* PROVIDED RECORDS *
※

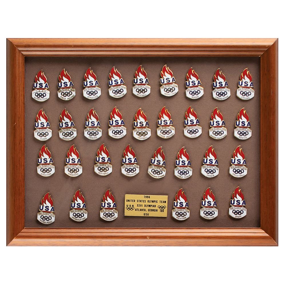 Collection of 32 Team USA Olympic pins from the Atlanta 1996 Summer Olympics, each 19 mm x 38 mm, which includes the following events and staff: Olympic Team, Field Hockey, Athletics, Badminton, Baseball, Basketball, Boxing, Canoe/Kayak, Cycling, Diving, Equestrian, Fencing, Gymnastics, Handball, Field Hockey, Judo, Modern Pentathlon, Rowing, Shooting (3), Softball, Swimming, Synchronized Swimming, Table Tennis, Tennis, Volleyball, Water Polo, Weightlifting, Yachting, and Staff. The pins are mounted and framed with an engraved plaque to an overall size of 12.75 x 9.75. In overall fine condition.
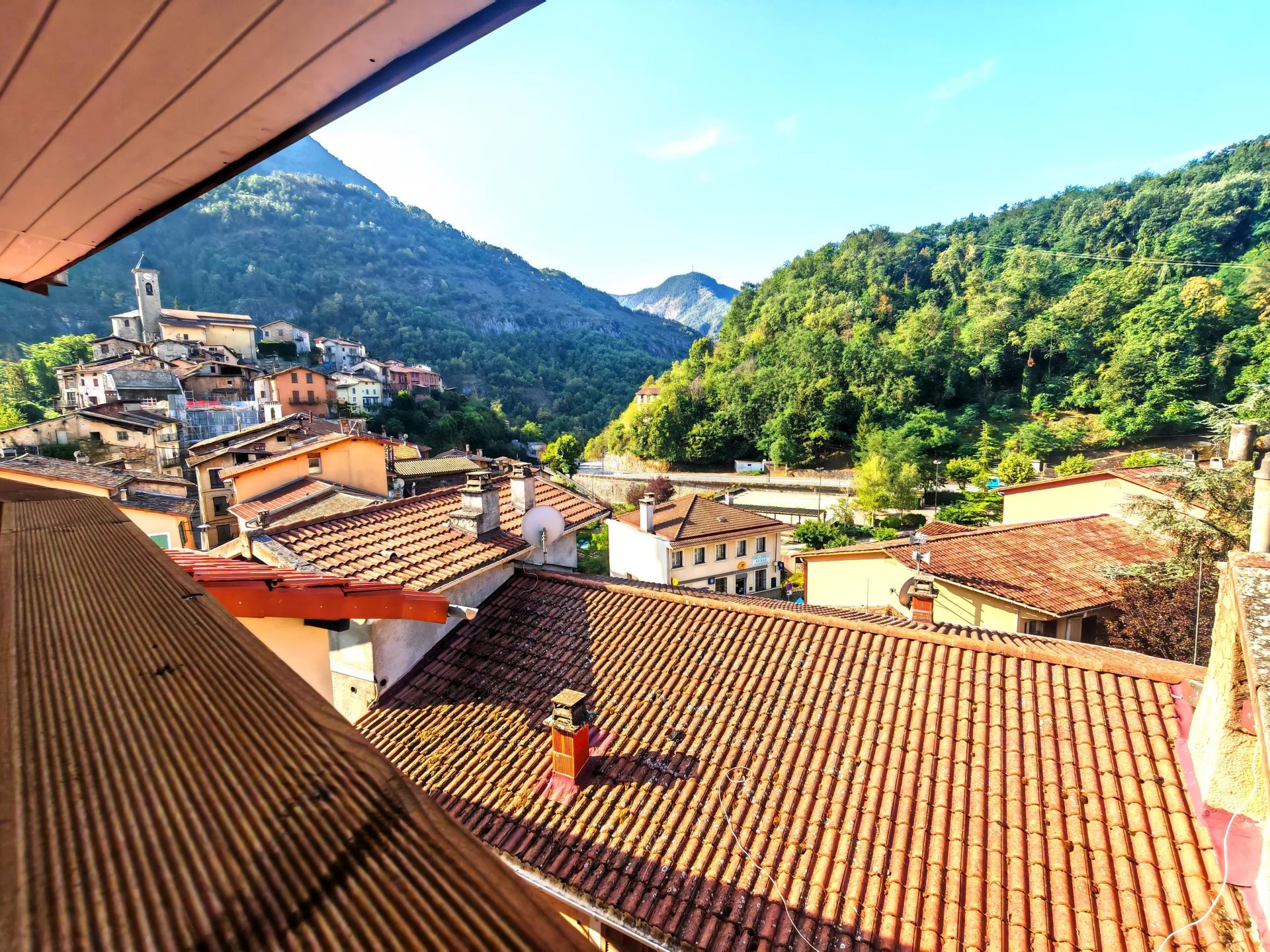 Vue sur le village et les montagnes, parkings et commerces à proximités
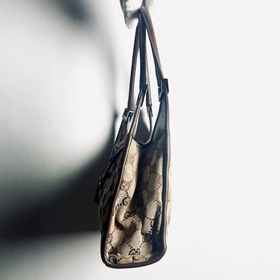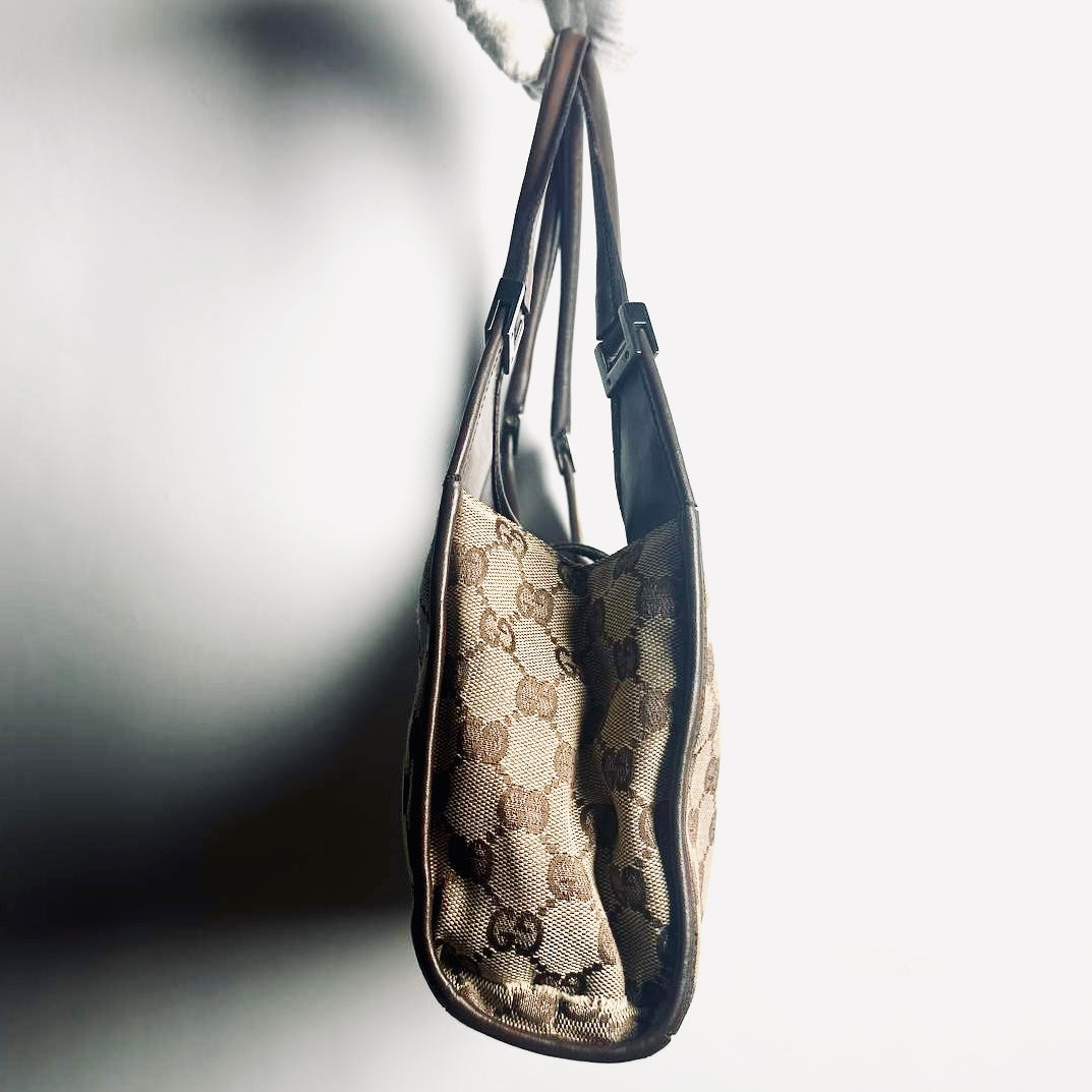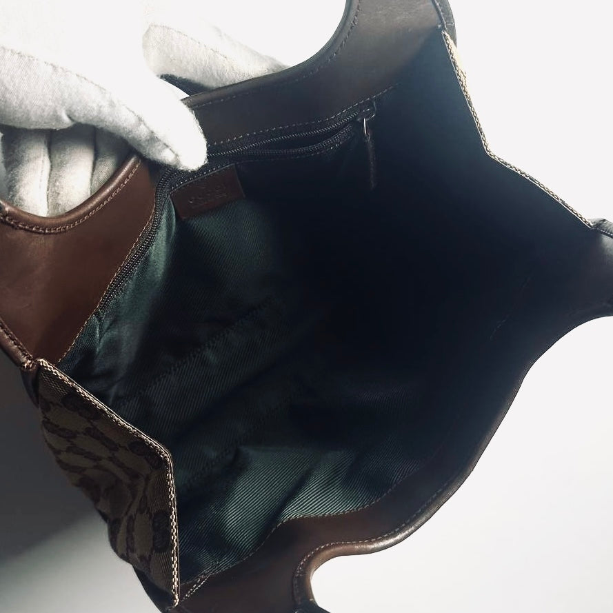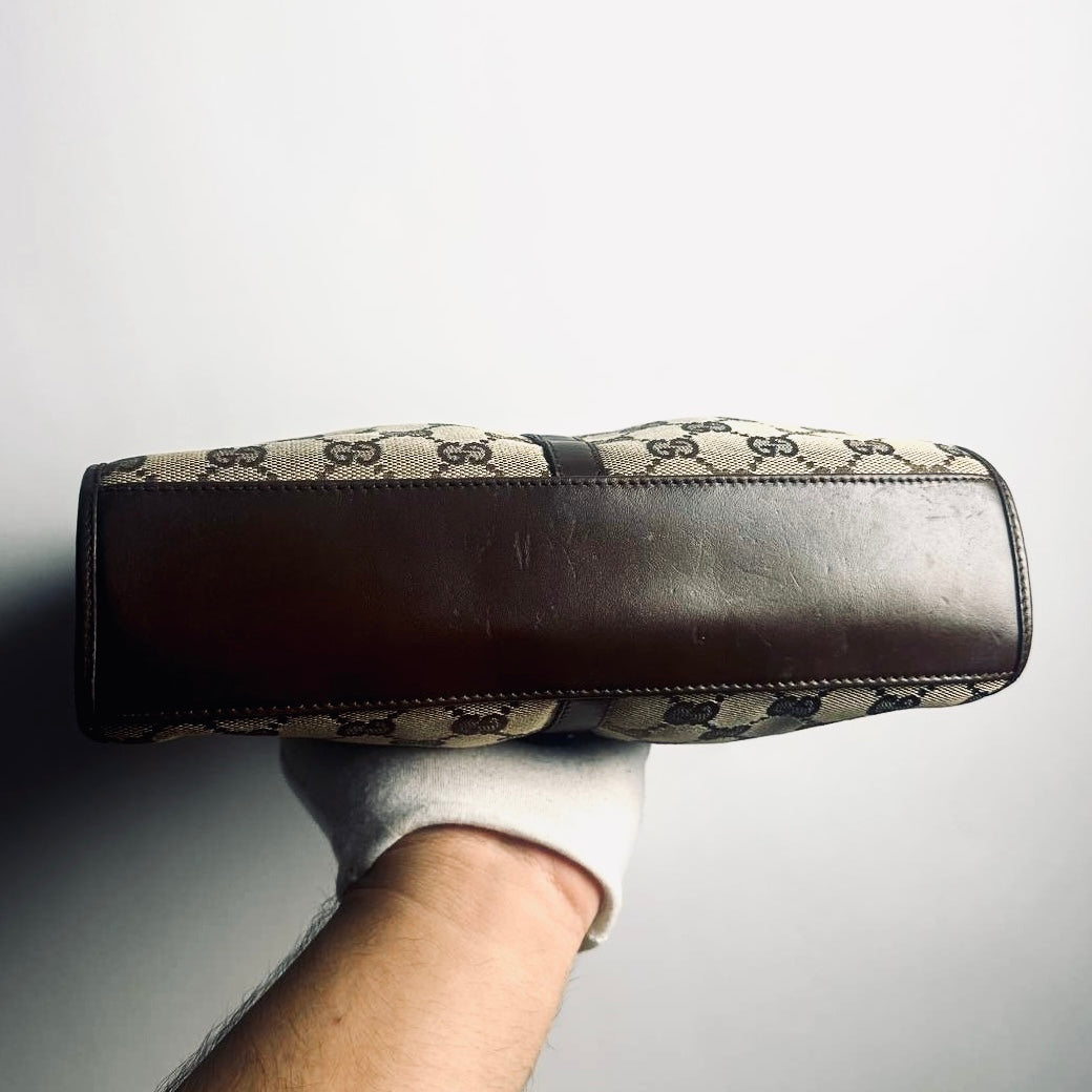 Gucci Brown / Beige Jackie GG Monogram Logo Vintage Baguette Hobo Shoulder Bag
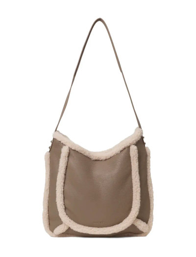 This bag combines a relaxed look with practical features. Made from faux shearling with soft fluffy details along the edges and inside, it closes with a press-button and features an open internal pocket for easy organisation. It can be carried both as a shoulder bag and crossbody.
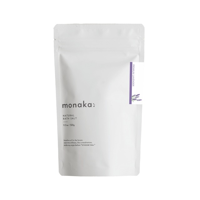 ラベンダー精油 × ラベンダー花 -優しく心地よい香りが、夜に溶け込む- おやすみ前のラベンダー習慣♪ 芳醇なラベンダーの香りが、あなたを深く優しく包みこむ。 【ミネラル豊富で環境にも優しい天然塩】 西オーストラリアの塩田で製造される「シャークベイソルト」を使用。 太陽と風の力で2~3年かけて結晶化させる「天日塩製法」で作られた塩は、環境にも優しいだけでなく、 カルシウム・マグネシウムなどのミネラル成分が豊富に含まれる。 【ヒアルロン酸Na配合】 1gで約6Lもの保水力を誇る、保湿美容成分を配合。 使用方法: 140~160Lのお湯に対して、1包(40g)を目安にご使用ください。 ラベンダー花が入っていますので、付属のメッシュ袋に入れてお楽しみください。 -monaka ナチュラルバスソルト- 素材を味わう、優しい入浴時間。 日々の暮らしの中で、心落ち着く「ほっとできる時間」をお届け。 天然素材と香りで、森の中を歩くような心地よい時間を。
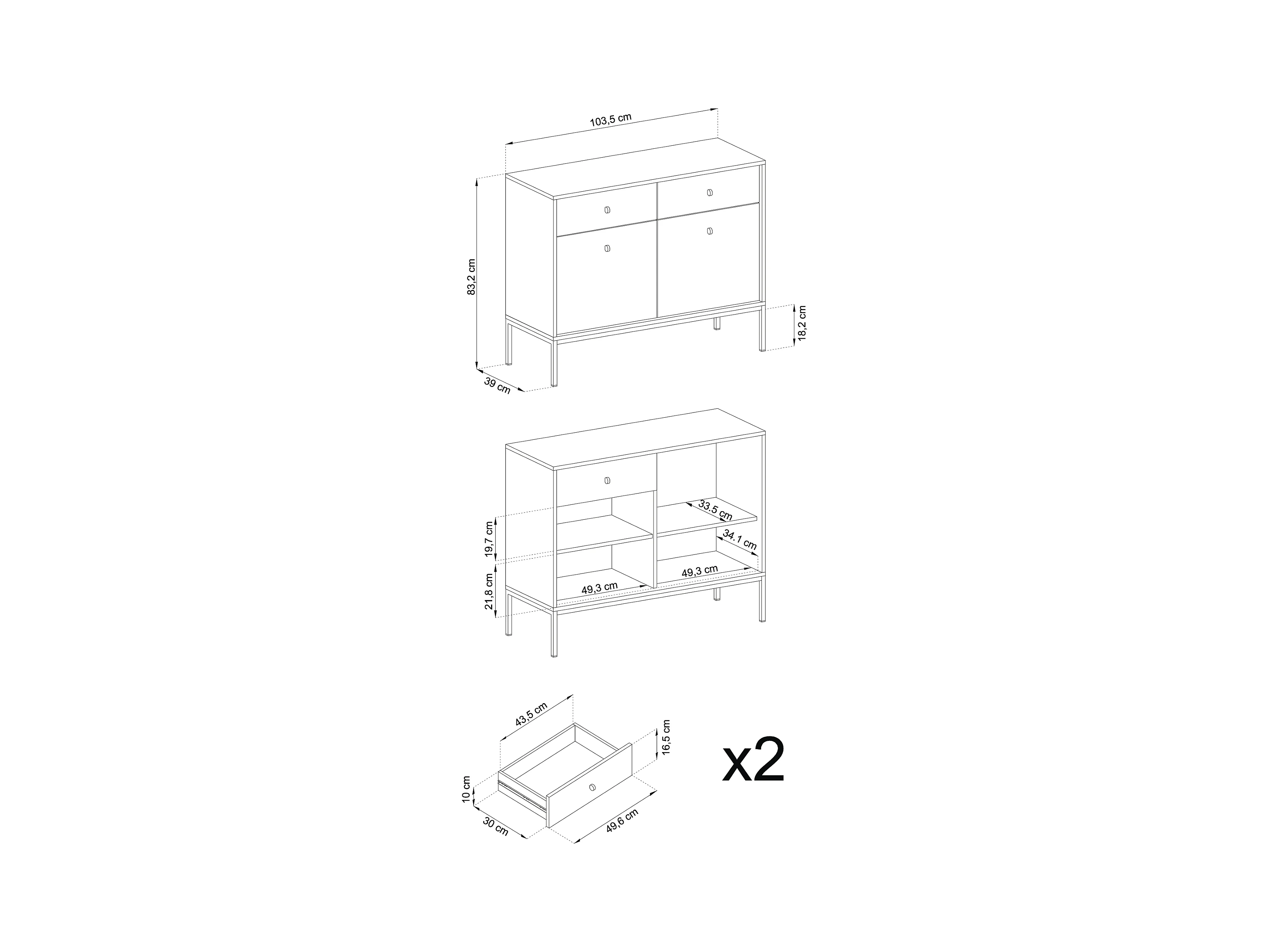 Buffet 2 portes, 2 tiroirs avec pieds en métal noir, 104x83 cm
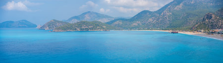 Aerial view of Oludeniz beach with people and boats in the morning, Coastline next to Fethiye, Turkey. High quality photo
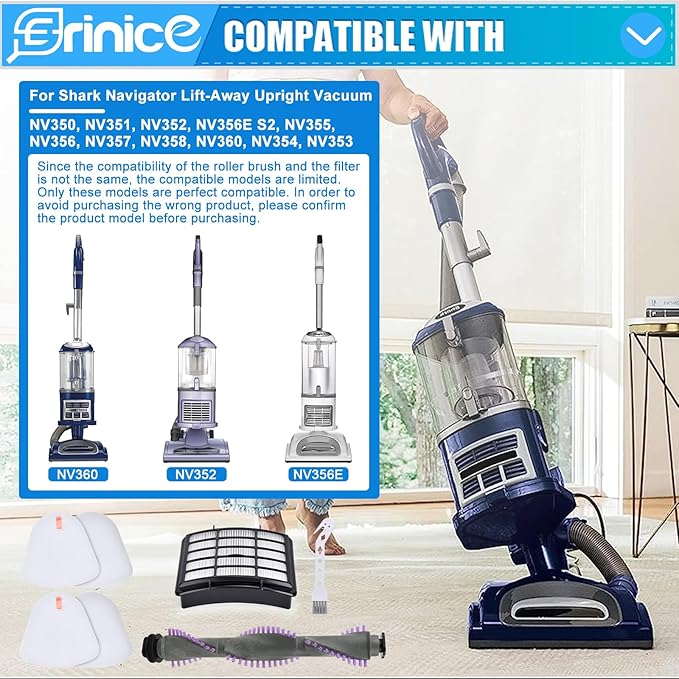 - 【Wide Compatibility】-- Erinice Replacement Brush Roller Filter Kit is perfect compatible with Shark Navigator Lift Away Vacuum NV350, NV351, NV352, NV356E S2, NV355, NV356, NV357, NV358, NV360, NV354, NV353, UV440, Compare to Part XFF350 & XHF350. (Since the difference of black HEPA filter, so this set only compatible with these models) (Please check the model of your vacuum machine before purchase, to avoid mistake order!)

※

* TASK REQUIREMENTS *
Transcribe the listing above in full. Pictures are not part of the copy.

* EXERCISE OUTPUT *
 Collection of 32 Team USA Olympic pins from the Atlanta 1996 Summer Olympics, each 19 mm x 38 mm, which includes the following events and staff: Olympic Team, Field Hockey, Athletics, Badminton, Baseball, Basketball, Boxing, Canoe/Kayak, Cycling, Diving, Equestrian, Fencing, Gymnastics, Handball, Field Hockey, Judo, Modern Pentathlon, Rowing, Shooting (3), Softball, Swimming, Synchronized Swimming, Table Tennis, Tennis, Volleyball, Water Polo, Weightlifting, Yachting, and Staff. The pins are mounted and framed with an engraved plaque to an overall size of 12.75 x 9.75. In overall fine condition.
 Vue sur le village et les montagnes, parkings et commerces à proximités
 Gucci Brown / Beige Jackie GG Monogram Logo Vintage Baguette Hobo Shoulder Bag
 This bag combines a relaxed look with practical features. Made from faux shearling with soft fluffy details along the edges and inside, it closes with a press-button and features an open internal pocket for easy organisation. It can be carried both as a shoulder bag and crossbody.
 ラベンダー精油 × ラベンダー花 -優しく心地よい香りが、夜に溶け込む- おやすみ前のラベンダー習慣♪ 芳醇なラベンダーの香りが、あなたを深く優しく包みこむ。 【ミネラル豊富で環境にも優しい天然塩】 西オーストラリアの塩田で製造される「シャークベイソルト」を使用。 太陽と風の力で2~3年かけて結晶化させる「天日塩製法」で作られた塩は、環境にも優しいだけでなく、 カルシウム・マグネシウムなどのミネラル成分が豊富に含まれる。 【ヒアルロン酸Na配合】 1gで約6Lもの保水力を誇る、保湿美容成分を配合。 使用方法: 140~160Lのお湯に対して、1包(40g)を目安にご使用ください。 ラベンダー花が入っていますので、付属のメッシュ袋に入れてお楽しみください。 -monaka ナチュラルバスソルト- 素材を味わう、優しい入浴時間。 日々の暮らしの中で、心落ち着く「ほっとできる時間」をお届け。 天然素材と香りで、森の中を歩くような心地よい時間を。
 Buffet 2 portes, 2 tiroirs avec pieds en métal noir, 104x83 cm
 Aerial view of Oludeniz beach with people and boats in the morning, Coastline next to Fethiye, Turkey. High quality photo
 - 【Wide Compatibility】-- Erinice Replacement Brush Roller Filter Kit is perfect compatible with Shark Navigator Lift Away Vacuum NV350, NV351, NV352, NV356E S2, NV355, NV356, NV357, NV358, NV360, NV354, NV353, UV440, Compare to Part XFF350 & XHF350. (Since the difference of black HEPA filter, so this set only compatible with these models) (Please check the model of your vacuum machine before purchase, to avoid mistake order!)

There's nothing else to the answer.